К Петерису подошла девушка, опустилась перед ним на колени и сказала:
— Повелитель, я больше не могу без вас.
— Ну уж и не можешь, — вздохнул Петерис, поднимаясь. — Пошли попляшем, только напомни, как тебя зовут…
Он поднялся, и девушка поднялась, и они ушли к танцующим, а к Вангу, появившись из-за шторы, приблизился горбун, прижимавший к груди маленький серебряный горн.
— Знаете, — сказал он, — я могу продержать гамму туда и обратно семьдесят три секунды.
— Это прекрасно. Молодчина.
— Сыграть?
— Сыграйте, отчего ж не сыграть.
— Сейчас. Я должен постоять минуту с закрытыми глазами и сосредоточиться. Сейчас.

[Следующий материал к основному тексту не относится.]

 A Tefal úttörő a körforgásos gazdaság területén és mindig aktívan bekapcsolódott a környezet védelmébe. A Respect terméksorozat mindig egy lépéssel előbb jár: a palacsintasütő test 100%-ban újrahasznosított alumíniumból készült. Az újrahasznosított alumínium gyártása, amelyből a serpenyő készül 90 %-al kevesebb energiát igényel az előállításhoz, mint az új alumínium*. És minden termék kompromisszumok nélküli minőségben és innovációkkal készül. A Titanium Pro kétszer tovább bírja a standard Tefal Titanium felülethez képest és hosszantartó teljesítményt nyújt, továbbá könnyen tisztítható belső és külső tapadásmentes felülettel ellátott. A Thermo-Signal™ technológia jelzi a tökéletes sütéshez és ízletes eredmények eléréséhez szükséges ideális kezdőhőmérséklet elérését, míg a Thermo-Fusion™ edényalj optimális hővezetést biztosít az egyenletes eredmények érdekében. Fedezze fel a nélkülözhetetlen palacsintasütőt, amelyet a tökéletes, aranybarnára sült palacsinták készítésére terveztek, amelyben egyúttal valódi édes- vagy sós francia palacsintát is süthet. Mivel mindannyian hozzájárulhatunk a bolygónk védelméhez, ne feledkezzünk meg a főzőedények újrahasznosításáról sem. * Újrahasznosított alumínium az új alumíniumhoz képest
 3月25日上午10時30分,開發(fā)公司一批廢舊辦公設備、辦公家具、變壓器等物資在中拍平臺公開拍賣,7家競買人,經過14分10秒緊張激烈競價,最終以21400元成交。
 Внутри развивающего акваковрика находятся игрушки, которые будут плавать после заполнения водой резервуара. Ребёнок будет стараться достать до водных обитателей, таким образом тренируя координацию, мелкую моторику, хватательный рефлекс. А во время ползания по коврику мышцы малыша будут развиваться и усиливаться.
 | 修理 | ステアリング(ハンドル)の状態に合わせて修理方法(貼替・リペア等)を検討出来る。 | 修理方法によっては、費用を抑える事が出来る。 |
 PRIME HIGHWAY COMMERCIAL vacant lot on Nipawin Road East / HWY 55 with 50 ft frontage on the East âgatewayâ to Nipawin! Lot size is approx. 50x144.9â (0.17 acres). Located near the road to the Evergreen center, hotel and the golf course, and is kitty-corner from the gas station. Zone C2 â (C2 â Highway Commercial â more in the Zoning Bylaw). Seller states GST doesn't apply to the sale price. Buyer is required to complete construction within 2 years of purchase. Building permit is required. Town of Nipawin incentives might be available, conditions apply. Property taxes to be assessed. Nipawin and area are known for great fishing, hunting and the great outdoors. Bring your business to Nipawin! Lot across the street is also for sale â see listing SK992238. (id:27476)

И горбун, по-прежнему не открывая глаз, заиграл — серебряно и нежно — тонкую и чистую гамму, и звук, таинственно извлекаемый им из маленького горна, перекрыл рев джаза и пьяные голоса танцующих в холле.
…«Как же звали французскую стерву, которая тогда со мной танцевала? — вспоминал Ян, наблюдая, как в тонком солнечном луче, пробивавшемся сквозь ставни, медленно плавала пылинка, похожая на рисунок планеты из учебника астрономии. — Будет совсем смешно, если из-за этой катастрофы у меня отшибет память… Бедный Юстас… Ему сейчас труднее, чем мне. Вообще, самое трудное — это ощущение собственного бессилия. А ту французскую стерву звали, между прочим, по-русски — Надя».
— Хорошо бы, — сказала тогда Надя, перестав танцевать, — чтобы этот трубач дудел раздетым.
— Он артист, — ответил Ян. — Он замечательный артист.
— Какой он артист? Трубач…
— Трубач тоже артист.
— Ты ничего не понимаешь, — засмеялась Надя. — Артист — это который говорит на сцене, а трубач только делает «ду-ду». Большие легкие — это ведь не талант…
Кто-то закричал:
— Цыгане, друзья, цыгане!
Все бросились в парк. Четыре старые, громоздкие кибитки остановились на асфальтовой дороге, которая пролегла сквозь туманный парк.
Цыгане вылезли из своих кибиток.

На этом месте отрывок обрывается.